Background: Neuronal abnormalities are associated with the pathogenesis of diabetic retinopathy. However, the mechanisms for neuronal cell death in diabetic retinopathy remain unclear.

Aim: To determine whether altered expression of Bax, caspase-9 and -3 is associated with degenerative neurons in diabetic retinopathy.
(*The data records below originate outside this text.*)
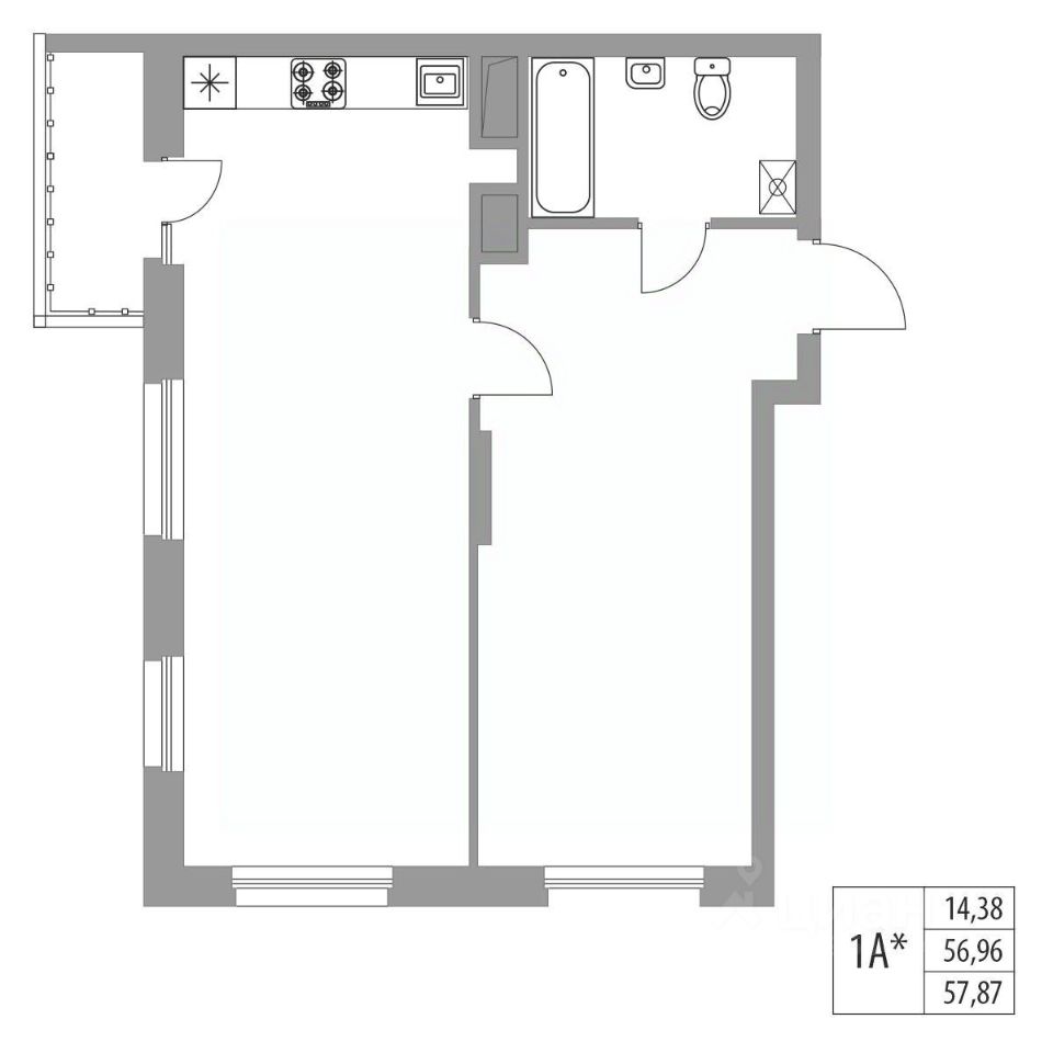Продается 1-комнатная квартира площадью 57.87 м² на 1 этаже в строящемся 20-ти этажном доме в ЖК "Хвойный".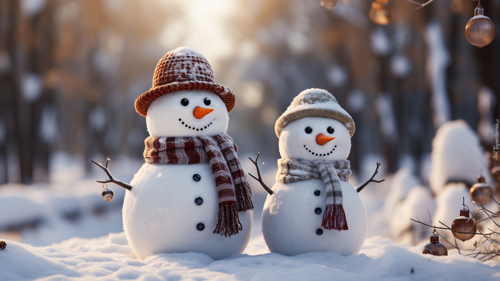 Edytor tapety: Dwa bałwanki w brązowych czapkach i szalikach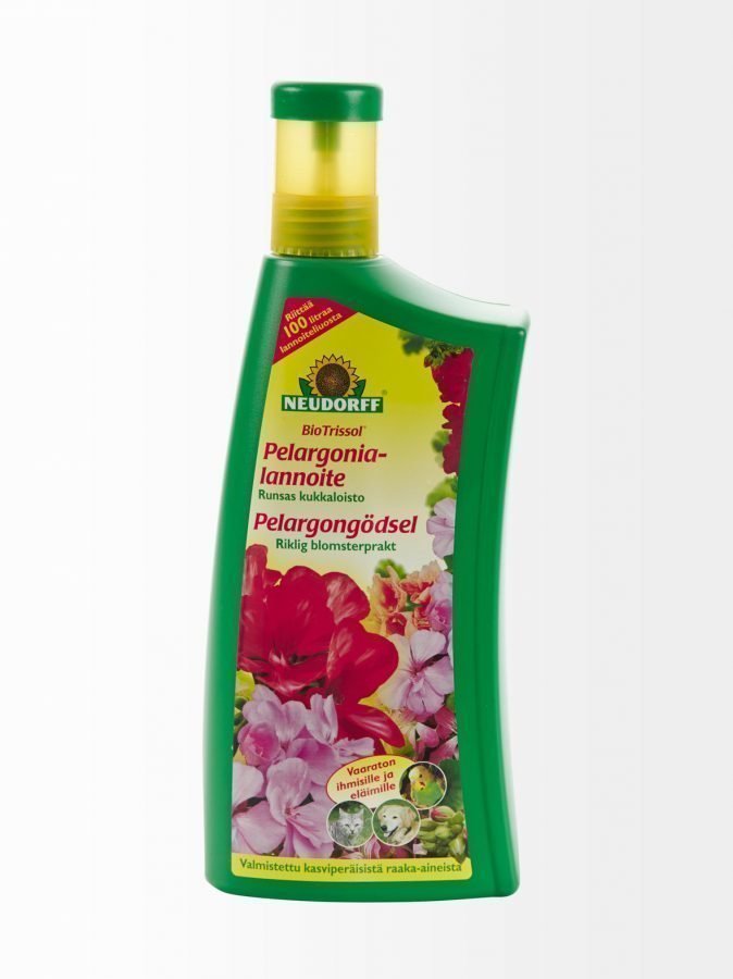 Bio Trissol -pelargonialannoite on kasviperäisistä raaka-aineista valmistettu nestemäinen kestolannoite pelargoneille parvekkeilla, verannoilla ja puutarhoissa. Vaaraton ihmisille, eläimille ja ympäristölle. Pakkauskoko 1 l.

Methods: Immunohistochemistry was performed on cryosections obtained from five pairs of normal and five pairs of age-matched diabetic human retinas. Diabetic eyes had no proliferative diabetic retinopathy and no histories of photocoagulation or ocular surgery. In this study, Fluoro-Jade B (FJB) was used as a marker for identification of degenerative neurons.

Results: In diabetic retinas, Bax overexpression coexisted with FJB positive signals in the ganglion cell layer (GCL) compared with very low FJB levels in the normal retina. Increased level of the active forms of caspase-9 and -3 expressions coexisted with FJB positive cells in the GCL of diabetic retinas compared with those in normal retinas.

Conclusions: Upregulation of Bax, caspase-9 and -3 expression was associated with neuronal degeneration in diabetic retinopathy. The mitochondria- and caspase-dependent cell-death pathway may be, in part, associated with neuronal degeneration in diabetic retinas.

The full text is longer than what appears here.